MPRE61 was further characterized by plotting BLAST hits of it to the 275,595 sequences in the trace archive of BAC-ends submitted by Sanger. These were plotted along with the repeat elements recognized by RepeatMasker. The most interesting observations included the fact that three times among the 140 hits a PRE1 was incorporated into MPRE61. PRE1 is a porcine specific SINE that is included in the RepeatMasker library. Several other examples existed of PRE1 next to a section of MPRE61, but the trace end occurred next to the PRE1, so that it may or may not have had the continuing section of MPRE61 on its other side. No other REs were found to be incorporated into MPRE61, suggesting that MPRE61 replicated relatively recently. Another interesting observation was that the density of REs on the 3' side of MPRE61 was much higher than on the 5' side. To take a closer look at this, we collected the trace sequence 3' of the 62 hits that ended near (within 60 bp of) the 3' end of MPRE61 (length of 1059 bp). This flanking sequence, ranging in length from 12 to 1368 nucleotides, was analyzed for repeat content and distance of that content from the end of MPRE61 (Figure 5). Running RepeatMasker on the entire collection (275,595 sequences) of Sanger BAC-ends shows that the number of SINE elements is 75% greater than the number of LINE elements (203,206 vs. 116,107).

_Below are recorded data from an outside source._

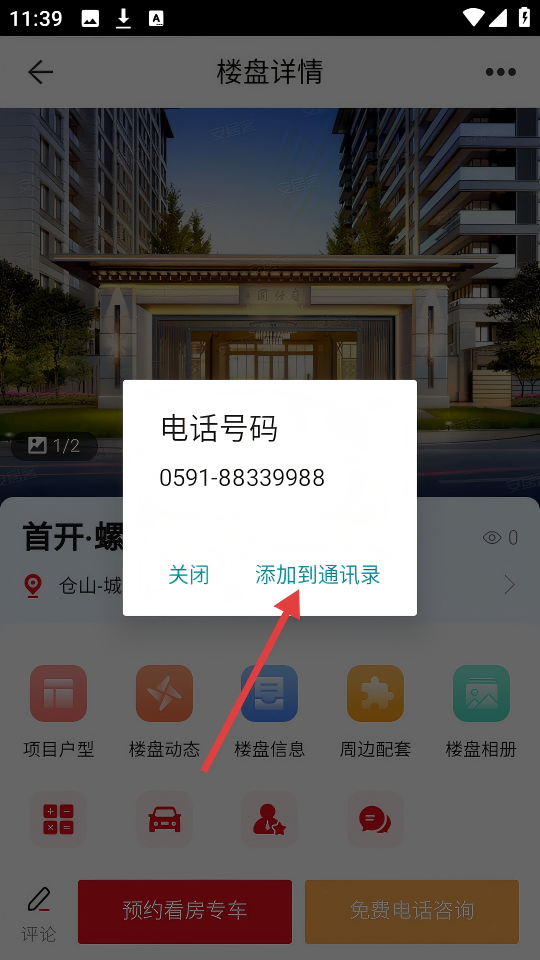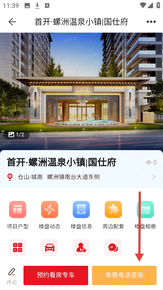 3、进入楼盘详情页后,点击【免费电话咨询】,弹出号码弹窗。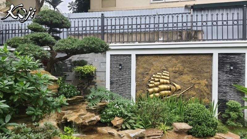 Các yếu tố trong sân vườn tiểu cảnh như cây xanh (mộc) hay thác nước sân vườn (thủy), hòn non bộ (thạch) đều giúp tăng thêm vượng khí, là nguồn năng lượng tốt mang lại tài lộc và may mắn gia chủ.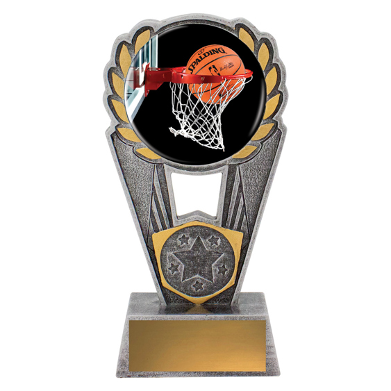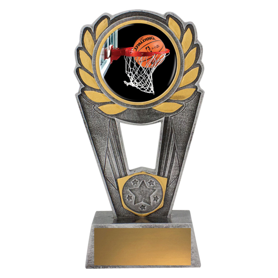 A contemporary printed version of the laurel basketball trophy, featuring a vibrant colour image of a basketball swishing through the hoop. Made from resin with gold highlights and a gold engraving plate for personalisation.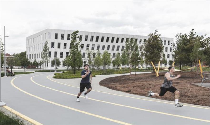 費(fèi)城1200 Intrepid項(xiàng)目是榮獲LEED金獎(jiǎng)的辦公建筑,形態(tài)由Robert Stern作出的矩形城市規(guī)劃以及James Corner設(shè)計(jì)的標(biāo)志性的圓形中央綠色公園構(gòu)成。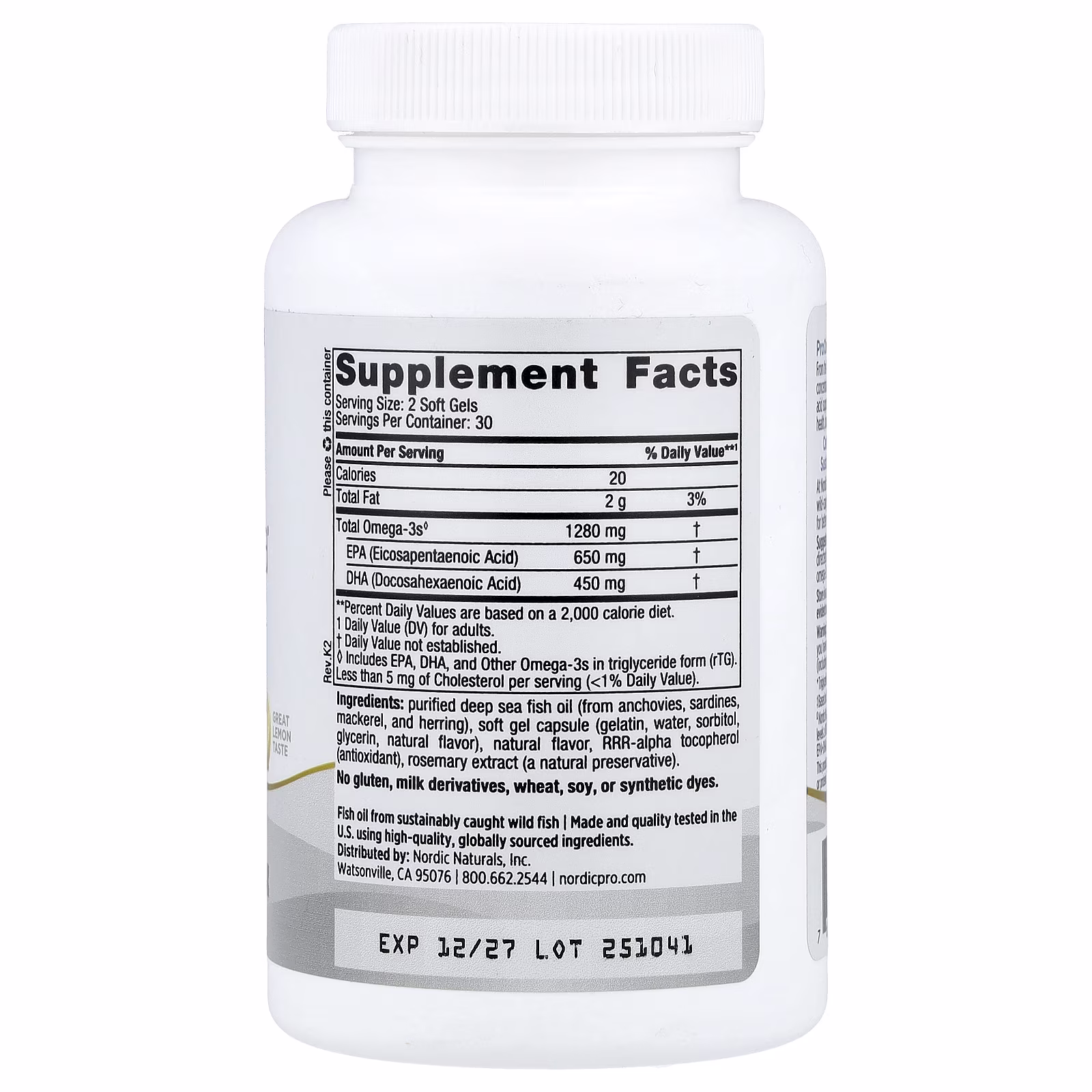 Nordic Naturals es líder mundial en omega-3, con más de 25 años de experiencia. Todos sus productos se fabrican en Noruega bajo estándares de pureza que superan las normas internacionales. Cada lote se somete a pruebas de terceros para verificar la ausencia de metales pesados, PCB, dioxinas y otros contaminantes ambientales.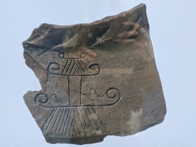 近くの案内板には、そんな土器の写真も掲載されております。たしかにくるりんとした姿で描かれていますね。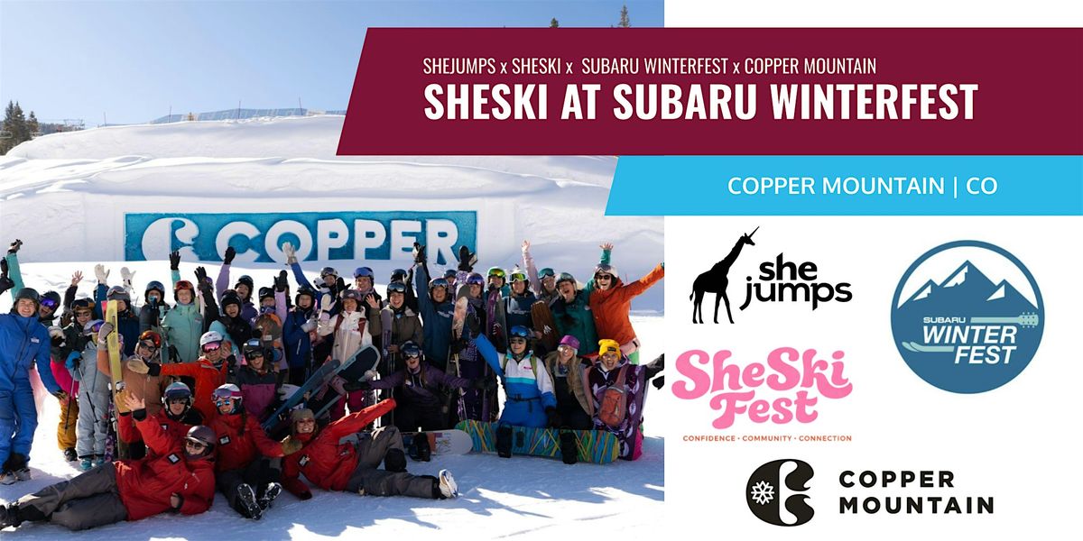 SheJumps presents SheSki Fest at Subaru Winterfest! Join us on February 21, 2026 at Copper Mountain Resort for a women’s ski meetup, bringing together participants of all ages and skill levels for a day of skiing, learning, community, and fun!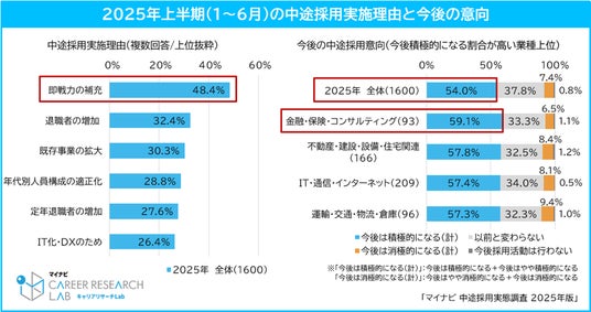 ◆2025年上半期の中途採用実施理由1位は「即戦力の補充」。今後の中途採用においては[金融・保険・コンサルティング]業界が特に積極的な傾向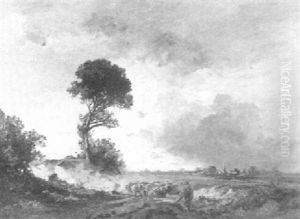 Herbstlandschaft Mit Einem Schafer Und Seiner Herde Im Hohlweg Vorn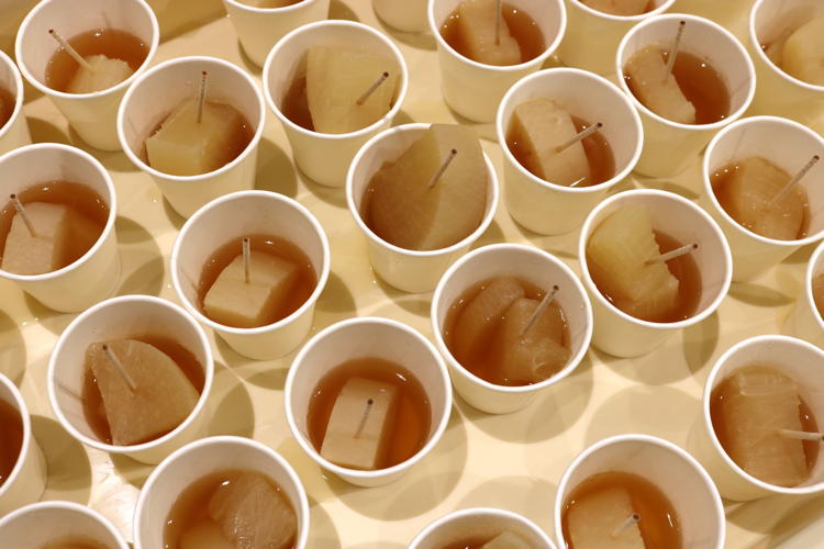 じっくり煮込んでも煮崩れしない金沢おでん定番の一品。(源助だいこん)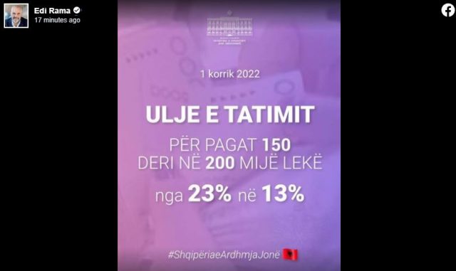 Starting from July 1, 2022, the tax on salaries will be reduced from 150 to 200 thousand ALL. The news was announced by Prime Minister Edi Rama in a Facebook post. According to the head of government, the tax will be reduced from 23 percent to 13 percent.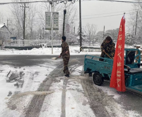 楊柳湖社區(qū):退役軍人掃雪撒鹽 保障社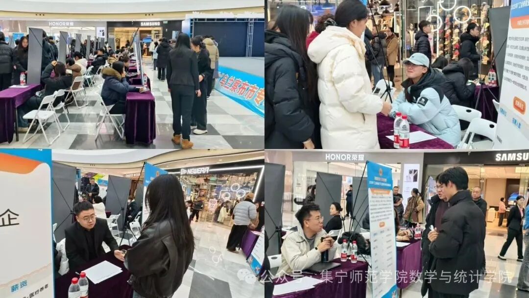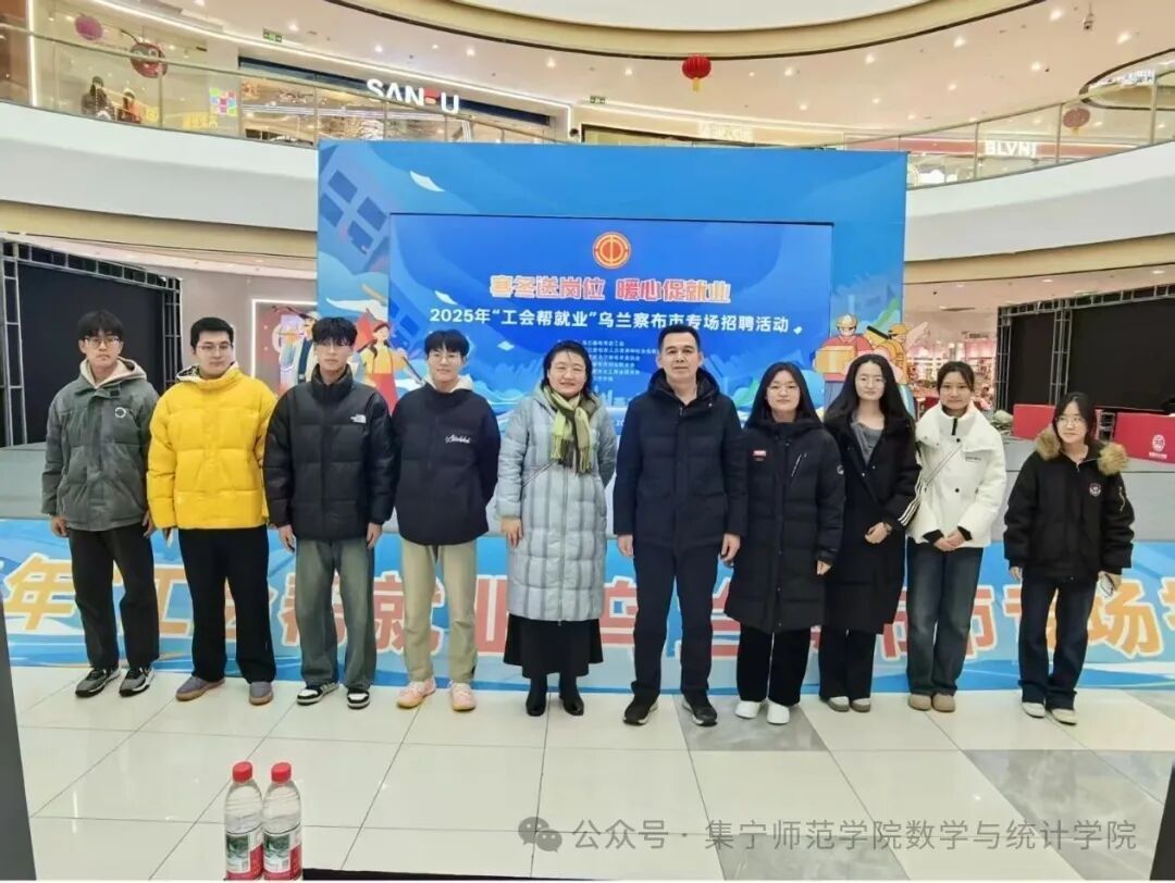 12月13日,2026世界杯官方合作网站数学与统计学院协同乌兰察布市总工会、市人力资源和社会保障局、共青团乌兰察布市委员会、市妇女联合会和市工商业联合会在万达广场开展“工会送岗位,就业暖人心”—2025年“工会帮就业”专场招聘活动。我院院长何永峰,学团办公室主任高霞及相关科室负责人出席招聘会现场,与用人单位和毕业生面对面交流,共同搭建优质就业平台。
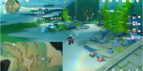 8、传送塞洛海原东北方向水下锚点,往地图的东北方向游,直接获得珍贵宝箱;前面解谜涉及的7个悠悠海獭都出现在这里。
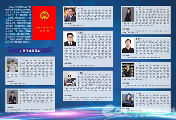 讲师团成员、国家社科基金重大项目首席专家、中国法学会民法学研究会理事、日本色情片 法学院钟瑞栋教授受邀为温州市政府常务会议、市政协党组、市委办公室、应急管理局、财政局、烟草局、瓯海区委理论学习中心组等市内单位,并跨省为广东省珠海市市委组织部、政法委、司法局、教育局等省外单位作《民法典》专题辅导报告,讲师团成员、省级学术与技术带头人人选、日本色情片 法学院李勇军副教授受邀为温州市经信局等单位作《民法典》专题辅导报告。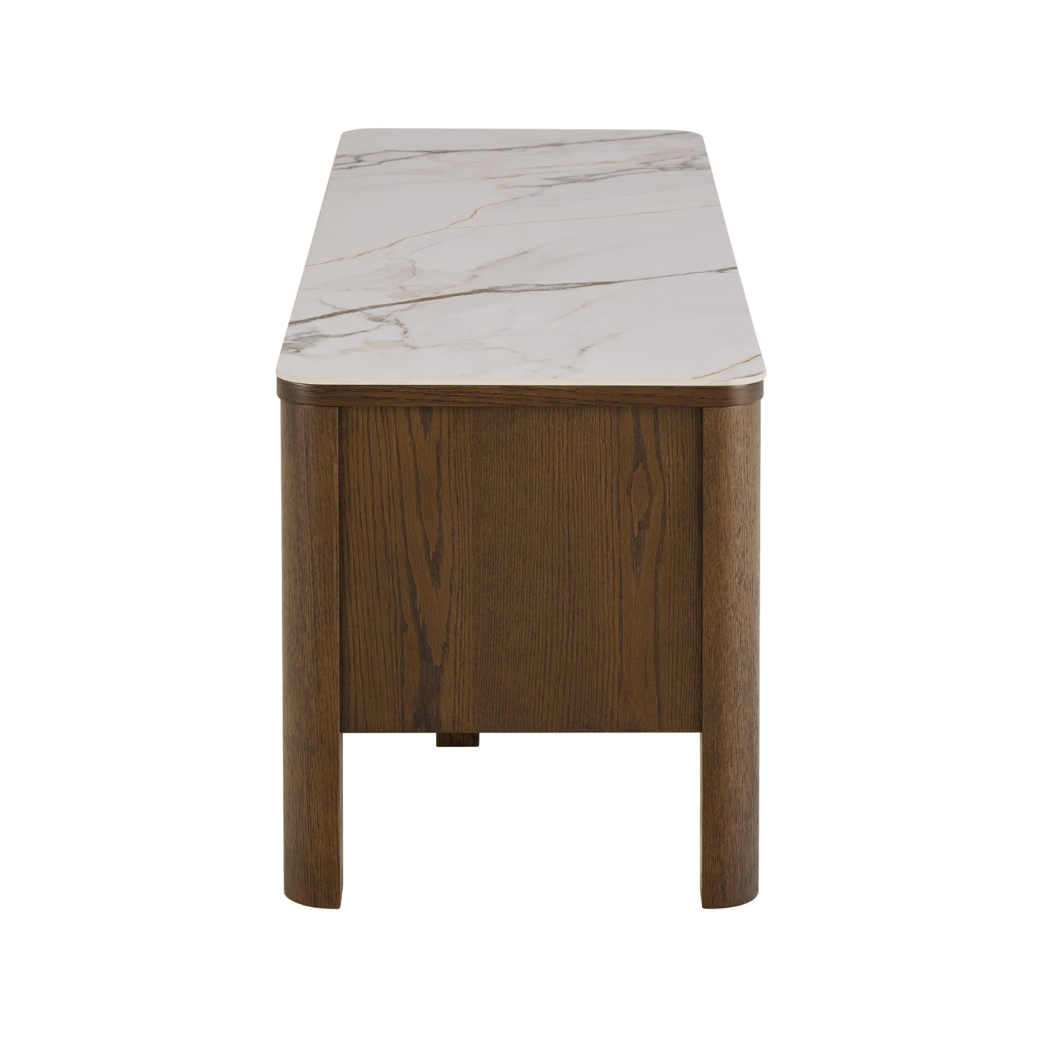 Adaugă un plus de eleganță și funcționalitate locuinței tale cu comoda TV cu 2 uși crem/stejar afumat Southampton realizată cu structură din MDF finisat cu furnir de stejar cu finisaj afumat de culoarea tabacului. Această comodă TV îmbină armonios noblețea furnirului de stejar afumat cu finețea ceramicii crem lustruite, creând un corp de mobilier ce emană eleganță atemporală. Nuanțele bogate ale lemnului în contrast cu textura delicată a blatului ceramic, decorat subtil, oferă o experiență vizuală ce trezește simțurile și adaugă profunzime oricărui spațiu. Structura solidă a comodei TV cu 2 uși crem/stejar afumat Southampton garantează durabilitate în timp, iar sistemul de închidere silențioasă aduce un plus de confort în utilizarea zilnică. Compartimentarea interioară cu 2 uși și 2 nișe este practică și versatilă și permite păstrarea ordonată a lucrurilor. Cele 2 polițe sunt perfecte pentru depozitarea pe rafturi a unor obiecte mici, lenjerii sau accesorii sezoniere. Cu aspectul său modern, comoda TV cu 2 uși crem/stejar afumat Southampton devine o piesă centrală ce adaugă stil și ordine oricărui spațiu.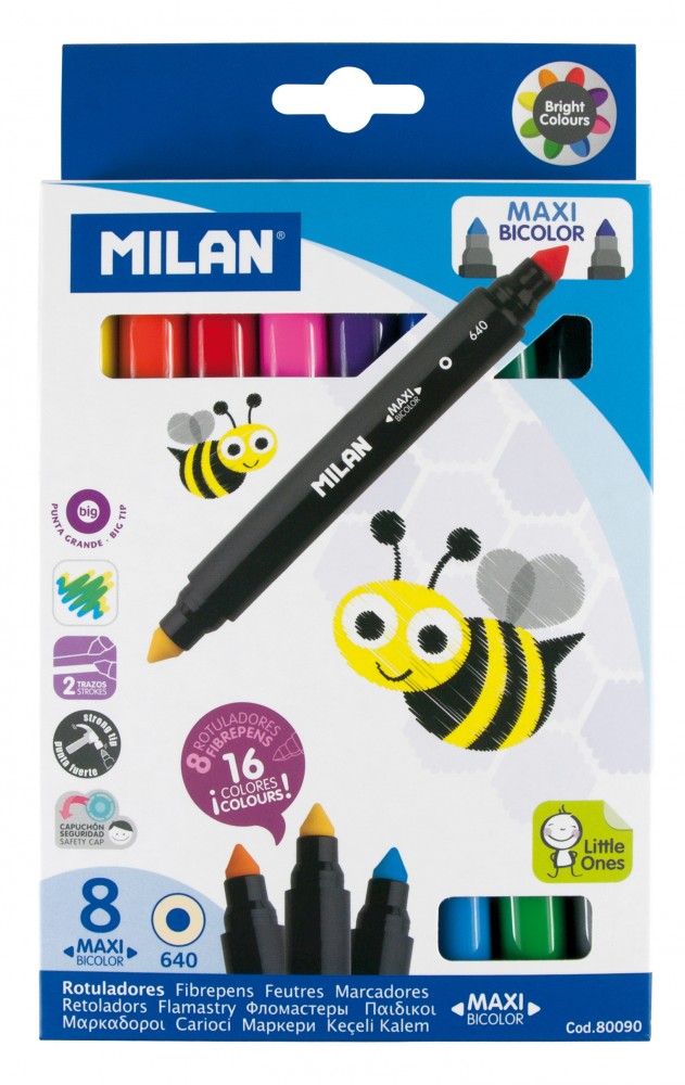 8-as (80090) hengeres testű, kétvégű (Bicolour) filctoll (640) készlet, vízbázisú festékkel töltve. A filcek két vége különböző színű, ezáltal a 8 filctollal 16 különböző színt lehet rajzolni. Vastag (maxi), kúpos csúcs melynek csúcsa vékony vonalak (0,75 mm) rajzolására alkalmas, míg a csúcs oldalával (5 mm) nagyobb felületek is könnyen satírozhatók. Élénk színű festékei egymással keverhetők és toxikus anyagot nem tartalmaznak. Lélegző (ventilációs), biztonsági kupakjának köszönhetően megvéd a fulladástól a kupak esetleges lenyelése esetén is. Karton doboza méhecskés mintával díszített és egyedi zárószerkezetének köszönheteően könnyen nyitható és zárható.

The LINEs tend to be longer than the SINEs, so the total percentage of sequence occupied by the LINEs is actually larger (13.29% vs. 10.29%). The most obvious feature of Figure 5 is that LINEs are significantly over represented on the 3 prime side of MPRE61, particularly in the region closest to the end of MPRE61. For the 22 LINEs that occur within 80 bp of the end of MPRE61, 15 are oriented on the opposite strand and 7 on the same strand. At this point, there is no way to know which strand of MPRE61 might be transcribed. We arbitrarily chose one of the strands and used it consistently. Because the LINEs have a particular internal structure, the 5' and 3' ends are well defined. So another way of looking at the result would be to say that the LINEs occur on the 5' end of MPRE61 (or rather, its reverse complement) with 15 on the same strand and 7 on the opposite strand. Either way, there is less strand conservation than would be expected if MPRE61 used LINEs as a vehicle for either replication or integration.